START Records provided

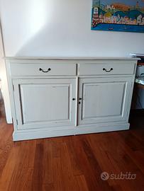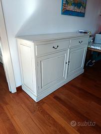 Madia bianca in stile shabby chic. Mobile in legno massello in ottime condizioni. Due cassetti e ampia spazio contenitivo. Acquistato da un produttore italiano. Caratteristiche principali: • Materiale: Legno Massello • Dimensioni totali: L 160 cm H 100 cm • Profondità: 50 cm Note: smontaggio e trasporto a carico dell'acquirente (consigliato per verificare l'integrità dei componenti durante le operazioni). Disponibile per visione e ulteriori foto su richiesta. Possibilità di sconto se si acquista più mobili venduti da me.
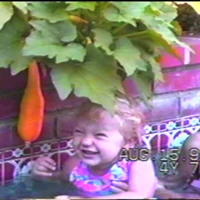 Tot girl swims in pool. Squash plant hangs nearby, mom tells girl to pick it for her dad. Girl get scared when it falls into the water.
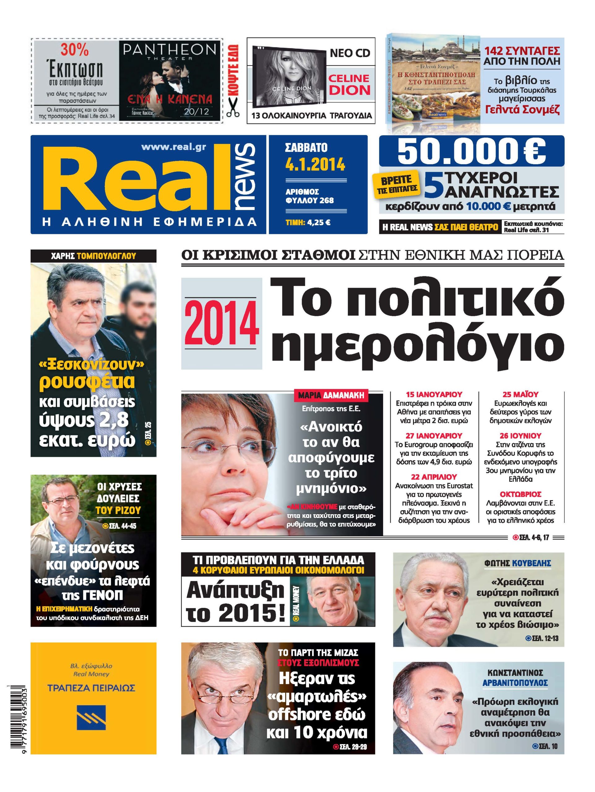 Με τίτλο: “2014 Το πολιτικό ημερολόγιο” κυκλοφορεί η Realnews, η οποία βρίσκεται στα περίπτερα μέχρι και σήμερα Δευτέρα.
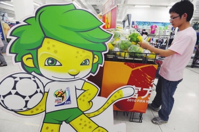 在耐克等品牌专卖店的显著位置,南非世界杯吉祥物“扎库米”的卡通形象夺人眼球,商家播放的电视节目,也多是往期足球赛事的经典瞬间。据了解,许多服装店将足球商品作为今年的主推商品,并随时留意品牌推出的新款球衣和配件。在一家品牌店,销售人员告诉记者,新款球衣目前暂无折扣。“与世界杯有关的服装商品,甚至只要与足球有关的,这段时间都卖得不错。”
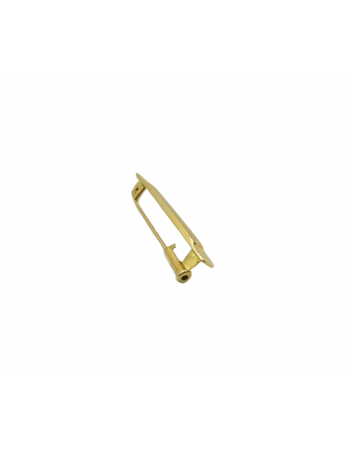 Alfiler de bebé "Alejandro" en Oro de 18K con cierre muy seguro para bebé. También tiene una reasa que permite colgar un colgante o cruz en la parte inferior. 3 cm de ancho.
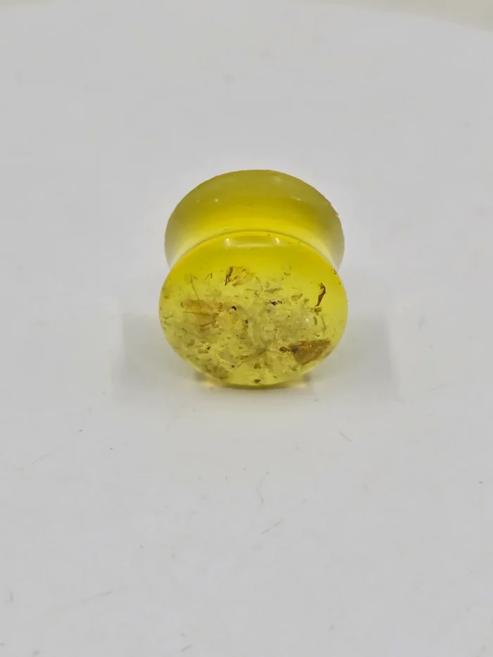 Add a pop of color and natural sparkle to your stretched ears with these solid double-flare ear gauges! Made from vibrant food-grade epoxy resin and real crushed Oregon Sunstone, each pair is one of a kind. Available in fun colors like Slime Yellow, Barbie Pink, Smoke Gray, and more. Sizes range from 6mm (2g) to 25mm (1″). Handcrafted in the USA by RoseGemShop.

END Records provided

◆ Required work
Strip the images and reproduce the remaining records precisely.

◆ Solution to the exercise
 Madia bianca in stile shabby chic. Mobile in legno massello in ottime condizioni. Due cassetti e ampia spazio contenitivo. Acquistato da un produttore italiano. Caratteristiche principali: • Materiale: Legno Massello • Dimensioni totali: L 160 cm H 100 cm • Profondità: 50 cm Note: smontaggio e trasporto a carico dell'acquirente (consigliato per verificare l'integrità dei componenti durante le operazioni). Disponibile per visione e ulteriori foto su richiesta. Possibilità di sconto se si acquista più mobili venduti da me.
 Tot girl swims in pool. Squash plant hangs nearby, mom tells girl to pick it for her dad. Girl get scared when it falls into the water.
 Με τίτλο: “2014 Το πολιτικό ημερολόγιο” κυκλοφορεί η Realnews, η οποία βρίσκεται στα περίπτερα μέχρι και σήμερα Δευτέρα.
 在耐克等品牌专卖店的显著位置,南非世界杯吉祥物“扎库米”的卡通形象夺人眼球,商家播放的电视节目,也多是往期足球赛事的经典瞬间。据了解,许多服装店将足球商品作为今年的主推商品,并随时留意品牌推出的新款球衣和配件。在一家品牌店,销售人员告诉记者,新款球衣目前暂无折扣。“与世界杯有关的服装商品,甚至只要与足球有关的,这段时间都卖得不错。”
 Alfiler de bebé "Alejandro" en Oro de 18K con cierre muy seguro para bebé. También tiene una reasa que permite colgar un colgante o cruz en la parte inferior. 3 cm de ancho.
 Add a pop of color and natural sparkle to your stretched ears with these solid double-flare ear gauges! Made from vibrant food-grade epoxy resin and real crushed Oregon Sunstone, each pair is one of a kind. Available in fun colors like Slime Yellow, Barbie Pink, Smoke Gray, and more. Sizes range from 6mm (2g) to 25mm (1″). Handcrafted in the USA by RoseGemShop.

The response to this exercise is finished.